How Embedding YouTube Works

YouTube content can be embedded (when embedding that video is allowed by the video’s owner) easily in Ximera by using the \youtube command. The command has most of the embedding and url information already built in, so the only thing you need to include is the part of the url that comes after the “v=” in the url.

For example, in order to embed the video found at the url: https://www.youtube.com/watch?v=FvgF95i0_lw you would use the command \youtube{FvgF95i0_lw} which would embed the video into the page, like this:

How is it validated?

YouTube videos count toward the progress of a tile, but it only checks to see what the saved progress of watching the video is.
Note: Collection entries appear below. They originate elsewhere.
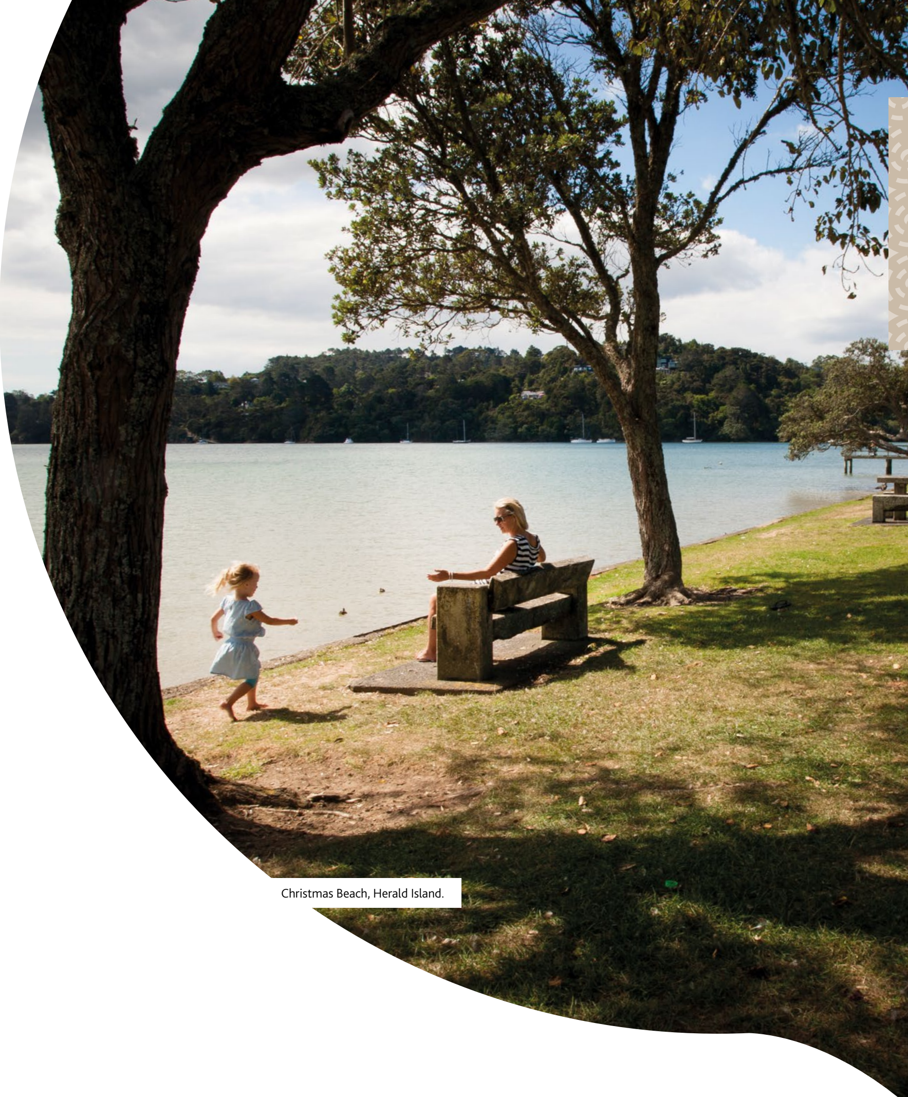
Christmas Beach, Herald Island.

You've told us that improving the quality of our creeks, streams and harbour is important to you and we will work to boost the ecological health of our waterways and other natural areas through targeted restoration and conservation efforts. Nature is very good at repairing itself and we want to create resilient, ecologically sound landscapes that strengthen environmental health and community well-being. One example is the Rāwiri Stream restoration which includes building stormwater ponds, removing pest plants and planting out the banks. The restoration project will also create access to additional open space in Hobsonville.
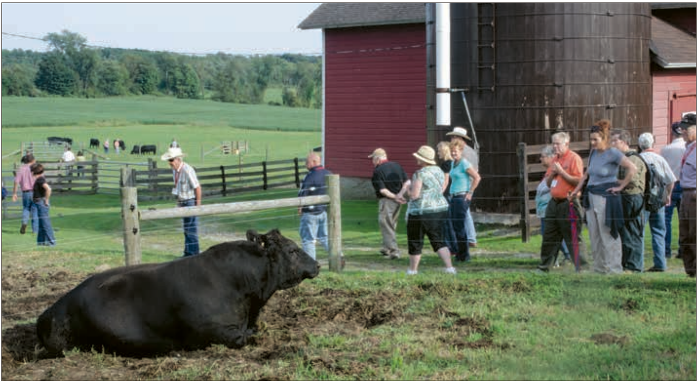
► Attendees wrapped up the tour at Rally Farms with its iconic red barns and plenty of green grass.
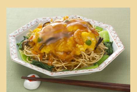
Deep Fried Noodle
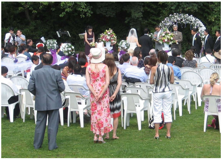
Wedding in Carousel Meadow.

Village Scavenger Hunt, March 16-22 Summer Season, May 1-September 7 Haunted Village, October 28-30 Heritage Christmas, November 21, 2009-January 3, 2010
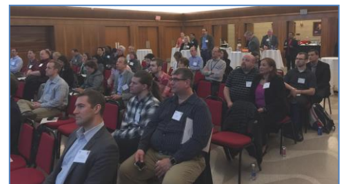
Event attendees listening to Oracle's cybersecurity presentation

...and we hope to see you at one in the coming year! 2016-2017 event dates coming soon!
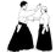
Mune Dori Men Uchi (Collar Grab and Strike to the Face)
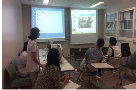
Meeting with term nurse ICU
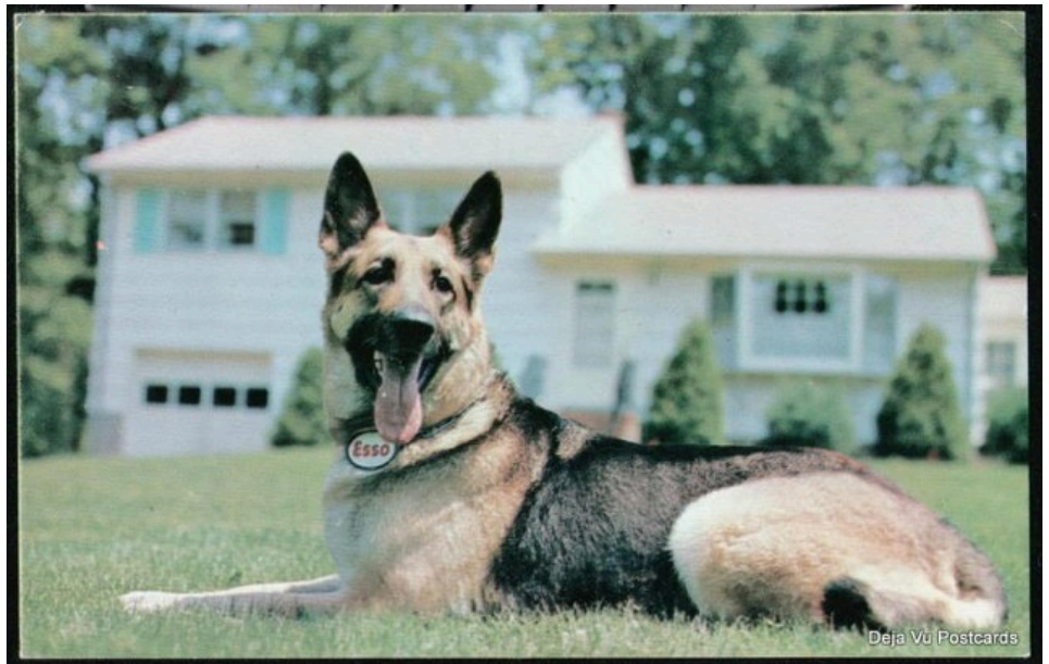
This vintage postcard reads on the back: "Famous Esso Watchdog . . . guardian of your home heating comfort."
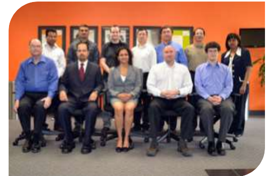
Best of BI Editor's Choice Award 2012
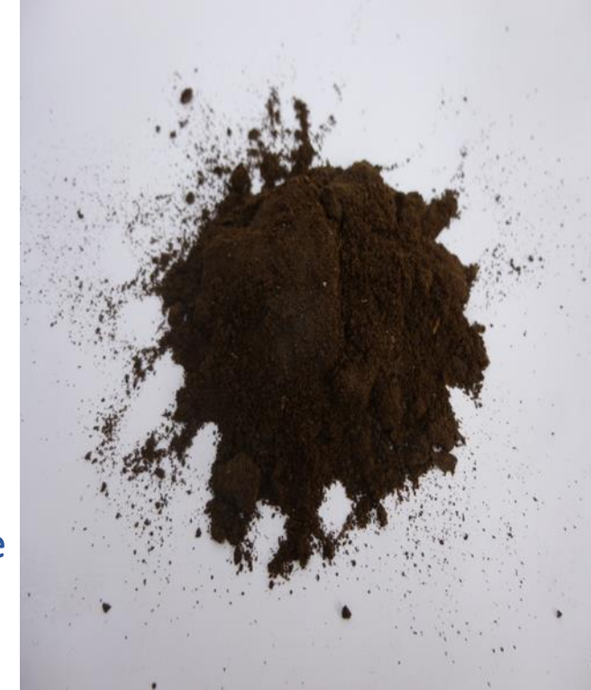
FINAL STEP AFTER SSH130

70% weight reduction 80% volume reduction
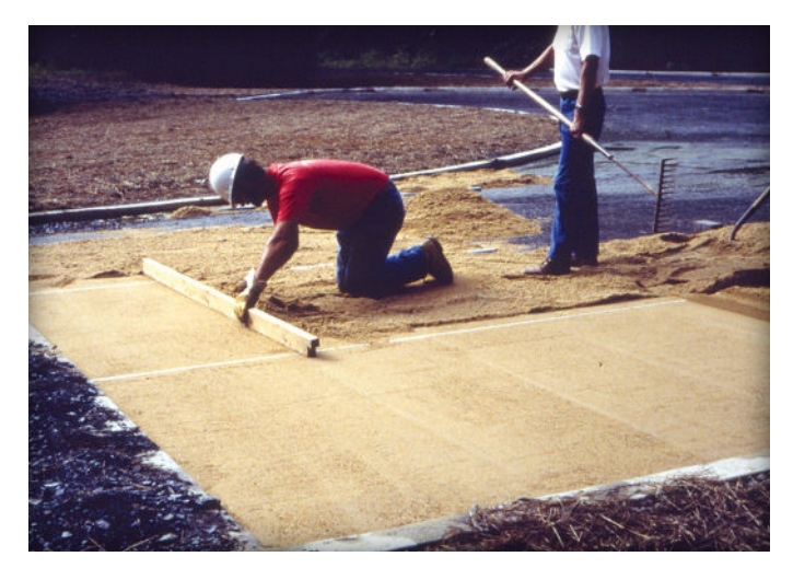
Figure 6a & 6b. Screeding the bedding sand.

with numerous freeze-thaw cycles, expansive soils, or very cold climates. A qualified civil engineer familiar with local soils and traffic conditions should be consulted to determine the appropriate base thickness for streets and heavy-duty, industrial pavements.

So if a student watches the video all the way to the end, then they would get full credit for that segment of their grade (see the previous tile on how credit broken up and assigned/earned).

Optional arguments

There are no optional arguments for the youtube command at this point.

(Additional) Examples

Do we need more examples?

Best Practices

Students Expect Text to be Redundant

In settings where you have, for example, a lecture video as well as a textual explanation, (e.g. a textbook chapter with a lecture video embedded), students tend to expect that these two things are saying exactly the same kind of thing. I have gotten significant pushback from students for having different examples worked out in text than in lecture videos on the same page. For this reason, it is ideal to make it clear to students explicitly - and early on - what the role of your embedded videos are fulfilling. In particular, whether it is sufficient to only watch video, or if they must also read all the text, or if they can skip the video and only read text, etc. Otherwise the default expectation will likely catch you by surprise and generate student malcontent.

There are a lot of YouTube Videos out there...

In most cases, you are probably going to use video content you create yourself, but sometimes there are just really great explanations or relevant videos by other content producers on YouTube already. Keep in mind that those videos are still technically copyrighted. There are a number of issues around IP laws and educational fair use, but the reality is that most educational YouTube content authors are happy to let you embed their content, as long as you do it correctly (which this command does), so it makes life much simpler to just contact them for permission.

Potential Pitfalls and Problems

Progress is tied to time stamp of last watched

It is noteworthy that the credit gained for a video is tied to the percentage last completed of the video. This has two main points to consider.

(a)
If the student skips to the end of the video, they can immediately get credit for watching the video, even though they didn’t watch it. This information is captured - so we plan on allowing or disallowing this ability in the future, and possibly having a notification for when students skip ahead for credit instead of watching video.
(b)
Sometimes YouTube will stop the video a second or two before the actual end of the video. We implemented a “good enough” feature to video watching to account for this - basically if they watch more than 95% or so of the video it counts as full credit, but depending on the length of the video, this can sometimes still have a video registered as not completed by enough to mark the tile as not fully completed. This, in turn, can cause students to lose their minds as they try to assure their instructor that they watched everything fully and did everyone on the page, but can’t get full credit.